• Dataset extract

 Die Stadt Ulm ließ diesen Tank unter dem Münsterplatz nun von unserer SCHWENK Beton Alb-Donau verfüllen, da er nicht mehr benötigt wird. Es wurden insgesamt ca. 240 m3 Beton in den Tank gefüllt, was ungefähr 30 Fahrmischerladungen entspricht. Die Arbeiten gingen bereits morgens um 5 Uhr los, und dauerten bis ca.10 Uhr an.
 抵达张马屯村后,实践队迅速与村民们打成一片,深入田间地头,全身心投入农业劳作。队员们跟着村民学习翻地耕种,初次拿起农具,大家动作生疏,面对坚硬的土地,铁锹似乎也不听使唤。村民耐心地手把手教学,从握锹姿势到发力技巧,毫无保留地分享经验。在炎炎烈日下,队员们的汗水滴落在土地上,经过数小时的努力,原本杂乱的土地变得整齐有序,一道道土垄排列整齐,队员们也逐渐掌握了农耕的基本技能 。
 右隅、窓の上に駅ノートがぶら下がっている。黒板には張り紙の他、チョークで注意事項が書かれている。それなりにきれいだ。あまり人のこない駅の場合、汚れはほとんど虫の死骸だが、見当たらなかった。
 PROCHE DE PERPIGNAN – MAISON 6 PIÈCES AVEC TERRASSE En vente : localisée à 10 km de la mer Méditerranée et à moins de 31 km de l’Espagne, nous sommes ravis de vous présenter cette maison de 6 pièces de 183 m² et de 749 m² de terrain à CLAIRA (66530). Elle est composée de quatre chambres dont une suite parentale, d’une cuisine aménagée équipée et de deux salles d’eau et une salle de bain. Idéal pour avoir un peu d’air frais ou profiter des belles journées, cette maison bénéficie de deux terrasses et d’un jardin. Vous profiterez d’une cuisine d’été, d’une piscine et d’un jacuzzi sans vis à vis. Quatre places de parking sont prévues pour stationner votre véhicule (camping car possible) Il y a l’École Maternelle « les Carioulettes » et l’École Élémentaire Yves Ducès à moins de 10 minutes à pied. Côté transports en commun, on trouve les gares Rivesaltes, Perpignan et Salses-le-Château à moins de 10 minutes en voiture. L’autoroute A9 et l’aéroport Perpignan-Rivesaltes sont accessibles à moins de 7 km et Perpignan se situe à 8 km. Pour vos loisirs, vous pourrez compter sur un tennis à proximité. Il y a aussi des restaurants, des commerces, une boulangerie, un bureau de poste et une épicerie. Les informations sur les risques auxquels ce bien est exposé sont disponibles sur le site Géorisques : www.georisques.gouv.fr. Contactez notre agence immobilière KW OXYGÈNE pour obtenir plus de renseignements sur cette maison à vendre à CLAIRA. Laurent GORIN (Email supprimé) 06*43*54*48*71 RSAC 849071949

• Directions for this task
Everything above from the line with "抵达张马屯村后,实践队迅速与" to the line with "右隅、窓の上に駅ノートがぶら", both included, must be repeated exactly, and nothing outside that range.

• Answer to this exercise
 抵达张马屯村后,实践队迅速与村民们打成一片,深入田间地头,全身心投入农业劳作。队员们跟着村民学习翻地耕种,初次拿起农具,大家动作生疏,面对坚硬的土地,铁锹似乎也不听使唤。村民耐心地手把手教学,从握锹姿势到发力技巧,毫无保留地分享经验。在炎炎烈日下,队员们的汗水滴落在土地上,经过数小时的努力,原本杂乱的土地变得整齐有序,一道道土垄排列整齐,队员们也逐渐掌握了农耕的基本技能 。
 右隅、窓の上に駅ノートがぶら下がっている。黒板には張り紙の他、チョークで注意事項が書かれている。それなりにきれいだ。あまり人のこない駅の場合、汚れはほとんど虫の死骸だが、見当たらなかった。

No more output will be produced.